Required work >> Pull out of the data below the stretch of lines bounded by the one containing "Затем продукт просушивается" and the one containing "The document summarizes", both bounds included, unchanged.

Input data START

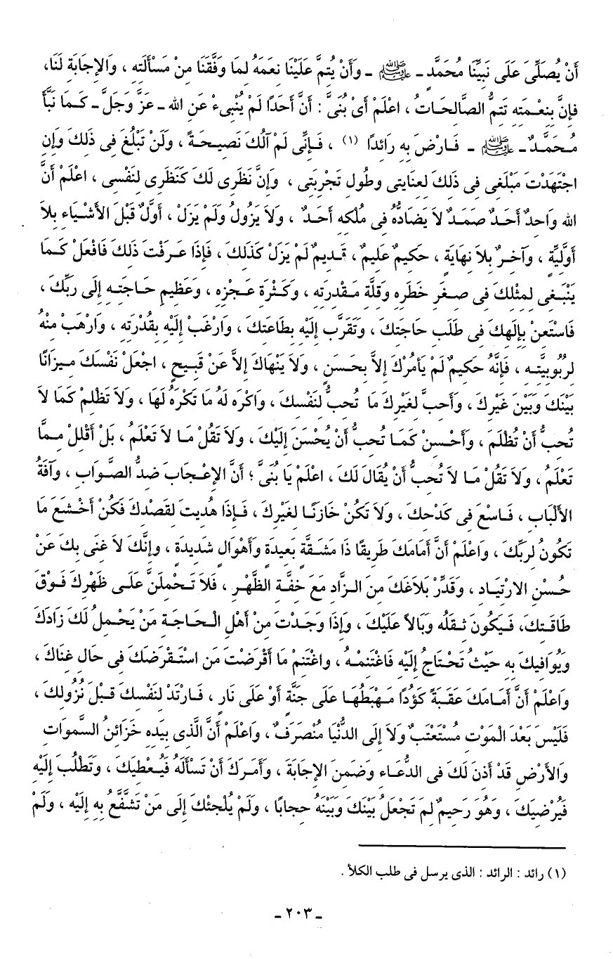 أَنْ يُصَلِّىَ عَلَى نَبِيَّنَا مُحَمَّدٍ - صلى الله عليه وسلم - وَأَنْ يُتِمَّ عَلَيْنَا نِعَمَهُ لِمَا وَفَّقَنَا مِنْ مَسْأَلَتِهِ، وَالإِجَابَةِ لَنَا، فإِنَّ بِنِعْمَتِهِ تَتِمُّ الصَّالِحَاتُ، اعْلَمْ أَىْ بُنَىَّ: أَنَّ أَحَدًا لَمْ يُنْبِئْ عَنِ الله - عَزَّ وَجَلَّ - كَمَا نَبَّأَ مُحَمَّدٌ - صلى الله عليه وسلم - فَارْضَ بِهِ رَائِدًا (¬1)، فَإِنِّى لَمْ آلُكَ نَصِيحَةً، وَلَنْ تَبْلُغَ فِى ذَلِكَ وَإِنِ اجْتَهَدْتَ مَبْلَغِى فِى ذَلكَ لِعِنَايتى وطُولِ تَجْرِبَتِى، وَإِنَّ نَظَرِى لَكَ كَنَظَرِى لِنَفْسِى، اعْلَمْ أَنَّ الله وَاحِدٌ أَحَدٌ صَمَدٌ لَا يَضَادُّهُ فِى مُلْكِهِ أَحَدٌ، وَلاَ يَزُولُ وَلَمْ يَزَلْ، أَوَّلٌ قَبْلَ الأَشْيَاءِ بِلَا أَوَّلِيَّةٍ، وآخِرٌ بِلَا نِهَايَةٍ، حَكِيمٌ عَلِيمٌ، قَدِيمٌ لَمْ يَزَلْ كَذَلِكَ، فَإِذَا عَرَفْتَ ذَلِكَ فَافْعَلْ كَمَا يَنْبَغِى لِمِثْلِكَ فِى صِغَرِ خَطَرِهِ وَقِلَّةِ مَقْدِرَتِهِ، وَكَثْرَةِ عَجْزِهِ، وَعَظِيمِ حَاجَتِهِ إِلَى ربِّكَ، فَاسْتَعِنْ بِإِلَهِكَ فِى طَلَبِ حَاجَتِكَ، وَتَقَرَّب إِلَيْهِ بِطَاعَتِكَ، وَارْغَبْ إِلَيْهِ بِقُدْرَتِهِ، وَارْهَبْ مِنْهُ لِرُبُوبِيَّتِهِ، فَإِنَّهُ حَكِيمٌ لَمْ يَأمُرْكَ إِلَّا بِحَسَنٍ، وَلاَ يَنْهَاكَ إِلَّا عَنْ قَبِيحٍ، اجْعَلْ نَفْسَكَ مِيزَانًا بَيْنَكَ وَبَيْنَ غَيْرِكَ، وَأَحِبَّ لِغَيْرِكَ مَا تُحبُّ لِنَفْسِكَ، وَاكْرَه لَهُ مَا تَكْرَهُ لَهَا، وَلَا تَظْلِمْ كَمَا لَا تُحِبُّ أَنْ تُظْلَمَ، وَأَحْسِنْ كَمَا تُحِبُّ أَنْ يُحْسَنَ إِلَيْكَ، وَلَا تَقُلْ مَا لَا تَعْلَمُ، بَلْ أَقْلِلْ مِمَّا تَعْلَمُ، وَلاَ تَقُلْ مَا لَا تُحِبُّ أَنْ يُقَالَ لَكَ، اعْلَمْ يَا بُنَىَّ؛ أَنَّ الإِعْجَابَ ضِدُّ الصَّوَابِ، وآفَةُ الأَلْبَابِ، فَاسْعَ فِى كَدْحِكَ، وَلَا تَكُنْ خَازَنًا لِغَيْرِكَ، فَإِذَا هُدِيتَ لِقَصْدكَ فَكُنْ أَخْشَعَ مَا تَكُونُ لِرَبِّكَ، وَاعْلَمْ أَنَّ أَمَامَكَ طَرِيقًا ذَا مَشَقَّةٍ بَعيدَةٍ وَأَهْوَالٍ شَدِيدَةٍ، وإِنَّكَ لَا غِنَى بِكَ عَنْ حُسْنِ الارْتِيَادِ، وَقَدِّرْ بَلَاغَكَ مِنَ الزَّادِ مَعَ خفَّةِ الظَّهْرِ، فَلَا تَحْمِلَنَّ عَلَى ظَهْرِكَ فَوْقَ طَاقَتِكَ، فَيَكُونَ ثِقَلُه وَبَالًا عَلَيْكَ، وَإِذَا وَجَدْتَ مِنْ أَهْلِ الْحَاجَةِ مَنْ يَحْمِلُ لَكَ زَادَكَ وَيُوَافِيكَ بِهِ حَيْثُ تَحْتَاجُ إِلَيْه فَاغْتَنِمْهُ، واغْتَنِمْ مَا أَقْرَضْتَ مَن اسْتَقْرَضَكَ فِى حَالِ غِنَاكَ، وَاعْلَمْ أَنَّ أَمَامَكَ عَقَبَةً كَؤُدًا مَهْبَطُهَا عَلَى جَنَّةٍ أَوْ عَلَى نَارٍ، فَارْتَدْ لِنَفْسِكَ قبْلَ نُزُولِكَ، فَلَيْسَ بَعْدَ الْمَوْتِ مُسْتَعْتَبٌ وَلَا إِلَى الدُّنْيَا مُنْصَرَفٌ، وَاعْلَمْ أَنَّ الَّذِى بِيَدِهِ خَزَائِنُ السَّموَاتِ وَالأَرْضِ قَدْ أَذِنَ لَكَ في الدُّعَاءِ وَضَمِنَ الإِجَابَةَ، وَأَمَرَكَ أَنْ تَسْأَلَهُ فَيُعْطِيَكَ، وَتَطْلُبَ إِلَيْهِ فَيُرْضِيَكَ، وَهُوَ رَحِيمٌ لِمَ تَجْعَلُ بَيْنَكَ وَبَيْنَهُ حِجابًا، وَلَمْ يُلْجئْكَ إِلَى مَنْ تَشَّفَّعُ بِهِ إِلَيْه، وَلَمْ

Input data END
Input data START

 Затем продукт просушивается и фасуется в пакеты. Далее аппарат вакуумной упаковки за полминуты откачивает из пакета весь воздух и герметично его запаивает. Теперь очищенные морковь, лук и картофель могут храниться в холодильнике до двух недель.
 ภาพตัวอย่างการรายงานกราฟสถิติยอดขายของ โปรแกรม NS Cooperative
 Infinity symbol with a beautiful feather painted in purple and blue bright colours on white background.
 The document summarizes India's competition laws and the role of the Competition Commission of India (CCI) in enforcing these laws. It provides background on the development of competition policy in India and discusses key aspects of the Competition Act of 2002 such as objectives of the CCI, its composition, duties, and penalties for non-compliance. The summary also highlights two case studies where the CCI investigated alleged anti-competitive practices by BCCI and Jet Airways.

Input data END

Solution to the exercise >>
 Затем продукт просушивается и фасуется в пакеты. Далее аппарат вакуумной упаковки за полминуты откачивает из пакета весь воздух и герметично его запаивает. Теперь очищенные морковь, лук и картофель могут храниться в холодильнике до двух недель.
 ภาพตัวอย่างการรายงานกราฟสถิติยอดขายของ โปรแกรม NS Cooperative
 Infinity symbol with a beautiful feather painted in purple and blue bright colours on white background.
 The document summarizes India's competition laws and the role of the Competition Commission of India (CCI) in enforcing these laws. It provides background on the development of competition policy in India and discusses key aspects of the Competition Act of 2002 such as objectives of the CCI, its composition, duties, and penalties for non-compliance. The summary also highlights two case studies where the CCI investigated alleged anti-competitive practices by BCCI and Jet Airways.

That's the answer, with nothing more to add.